Mich hat es gefreut, dass ihr das Eherne Schwert als Weißen Fleck angeführt habt. Als junger Rollenspieler wollte ich, da ich gerade den Herrn der Ringe gelesen hatte, unbedingt echte Hobbits in Aventurien haben und nicht nur Hügelzwerge die ähnliche Höhlen haben. Die habe ich dann natürlich hinter dem Ehernen Schwert angesiedelt, einfach weil dort noch Platz war. Aus heutiger Sicht ist die Idee für DSA ungewöhnlich und vielleicht hat sie es damals aus diesem Grund nicht über die Planung hinaus geschafft. Im Nachhinein finde ich das aber schade, denn gerade die eigene Fantasie zu benutzen und sich von beliebigen Quellen inspirieren zu lassen gehört zum RPG dazu. Deswegen finde ich es bzgl. Splittermond gut, dass es überhaupt Gegenden gibt, die nicht beschrieben werden.
Splittermond hat in gewisser Weise auch auf eine andere Art eine Leerstelle gefüllt. Und zwar, indem es ein moderneres eher typisch simulationistisches Fantasy-RPG ist, das manche Dinge einfach besser macht, ohne zu sehr an eine eigene Tradition gebunden zu sein. Es ist von DSA geprägt, aber die Frage, ob man es sich leisten kann z.B. die 3W20 Probe abzuschaffen, weil diese aus stochastischen Gründen schwierig ist, ohne dabei die Spielerschaft zu verprellen, hat sich schlicht nicht gestellt. Das liegt auf der Hand, denn das Spiel hat ja erst eine Edition und keine eigene Tradition, aber gerade dies ist für mich ein Qualitätsmerkmal.
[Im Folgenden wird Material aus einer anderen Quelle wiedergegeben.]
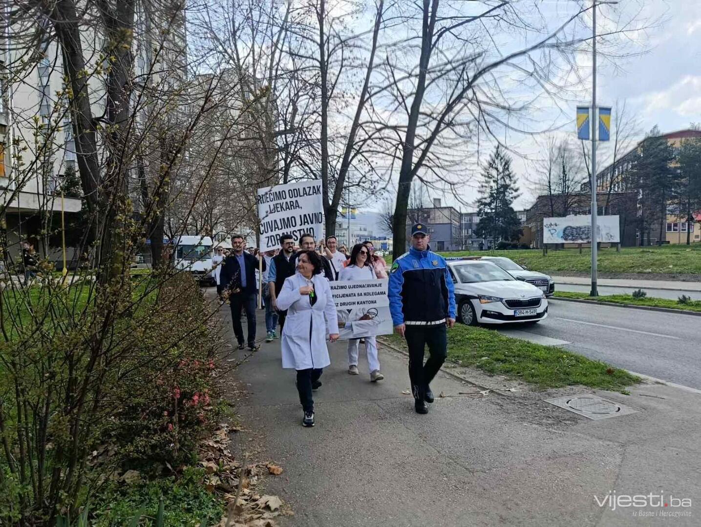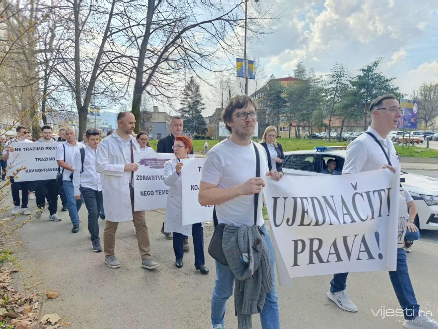 Sindikat doktora medicine i stomatologije Tuzlanskog kantona danas je organizovao mirnu protestnu šetnju u Tuzli, a na kojem je bilo oko 200 doktora.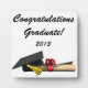 This image is of a black cap with a gold tassel and a diploma that is rolled up with a red ribbon tied around it. A great image for the Graduate. This Design can be fully customized by changing the backround or the text. The plaques come in a variety of sizes.

Und bzgl. Splittermond habt ihr als Podcast mit stolzen 180 Folgen auch eine Leerstelle, denn dazu gibt es noch keine Folge, auch wenn es zum Beispiel in dieser 180. oft erwähnt wird. Aber vielleicht kommt ja noch eine 😉
Meine momentanen Lieblingslücken sind die von pbtA (und ähnlichen) Spielen nach dem Motto „play to find out what happens“. Diese Spiele enthalten oft Listen von Vignetten oder Hinweisen, die gerade so viel Inspiration enthalten, dass sie SL und Spielende darin beflügeln, was passieren könnte, aber ohne feste Vorgaben zu liefern. Die Dungeon Starter von Dungeon World, aber auch die Fälle/Threats von Brindlewood Bay oder The Between (alles pbtA) sind ebenso gute Beispiele dafür wie die Szenariengestaltung im Erzählspiel Lovecraftesque. Das lässt genau so viel Leerstellen, dass keine zwei Gruppen dasselbe Abenteuer erleben werden, aber jeweils ähnliche Atmosphäre, Tropes usw.